Lundi 28 septembre 2020, 11 ans, jour pour jour depuis qu’il y a eu le massacre au stade du 28 septembre ou plus de 150 personnes ont trouvé la mort et plusieurs femmes violées. Depuis toutes ces années, les victimes continuent encore de réclamer justice et jusqu’à ce jour il n’y a eu aucune ouverture d’un procès pour situer les responsabilités dans cette affaire

Sidya Touré, le président de l’UFR se souvient encore de cette date. Interpelé sur cette question, il a débuté son intervention par un hommage aux victimes.

« Je voulais rendre hommage à tous ces morts, qui sont mort vraiment dans des circonstances inexplicables. En arrivant au stade ce jour là, on ne s’attendait pas du tout à être agressé de cette manière là, on était très loin de là. Donc nous étions arrivés, on voulait faire un discours et repartir, l’ambiance était très bien et quand on s’est aperçu qu’on avait même pas des micros, on s’apprêtait à partir quand les tirs ont commencé. Donc, c’est assez pénible, moi même j’ai été grièvement blessé. Nous avons du aller à l’extérieur pour nous faire soigner» a t-il fait savoir.
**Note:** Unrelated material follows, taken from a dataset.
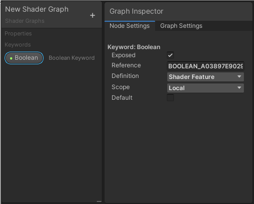 Boolean Keywords are either on or off. This results in two shader variants. Shader Graph uses the value in the Reference name field for the on state, and automatically defines the off state as an underscore ( _ ).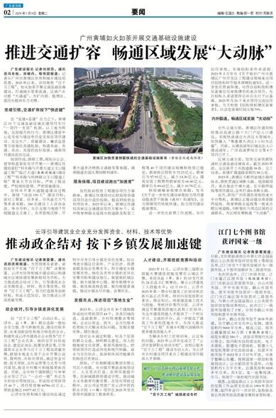 广东建设报讯 记者刘丽莎,通讯员冯冬枚、洪植丹、程伟团报道:记者从广州市黄埔区住房和城乡建设局获悉,2023年以来,该局聚焦“百千万工程”,如火如荼开展交通基础设施建设,打通城乡要素流通、区域产业对接“大通道”,为扩内需、稳增长、惠民生提供有力支撑。

Sidya Touré pense qu’il n’y a aucune volonté de la part de ce gouvernement d’organiser un procès afin d’identifier les auteurs et les commanditaires de ce crime. « Ce que je peux dire aujourd’hui c’est le fait que, depuis l’arrivée du président Alpha Condé au pouvoir, vous n’avez aucun dossier qui est achevé. C’est à dire il n’y a aucune possibilité de mettre en place une justice normale pour essayer d’indiquer quels sont ceux qui ont été responsables de ces faits là. Lui même avait fixé cette date avec nous, avant le jours J. Il s’est enfui, il a pris l’avion, il est parti. Donc, j’estime qu’il y a des choses à nous cacher. Franchement, je suis désolé mais c’est quelque chose qu’on devrait régler pour permettre  que nous retrouvions la paix pour tous et que chacun se retrouve pour aller de l’avant» dit-il.

Sidya Touré affirme que l’une des raisons qui expliquent la démission de Cheick Sacko, c’est le refus du gouvernement d’aller de l’avant dans cette affaire.

«c’est le refus du gouvernement d’aller de l’avant sinon l’ancien ministre de la justice Cheick Sako avait pratiquement bouclé ce dossier. Moi, j’avais été entendu à deux reprises et à la dernière minute, quand il a voulu insister là-dessus, il s’est accroché avec le président de la république sur ces questions là et c’était également l’une des raisons de sa démission parce que c’est un dossier extrêmement grave pour un avocat comme lui qui pouvait avoir à reprendre sa fonction après dans d’autres pays» a t-il indiqué.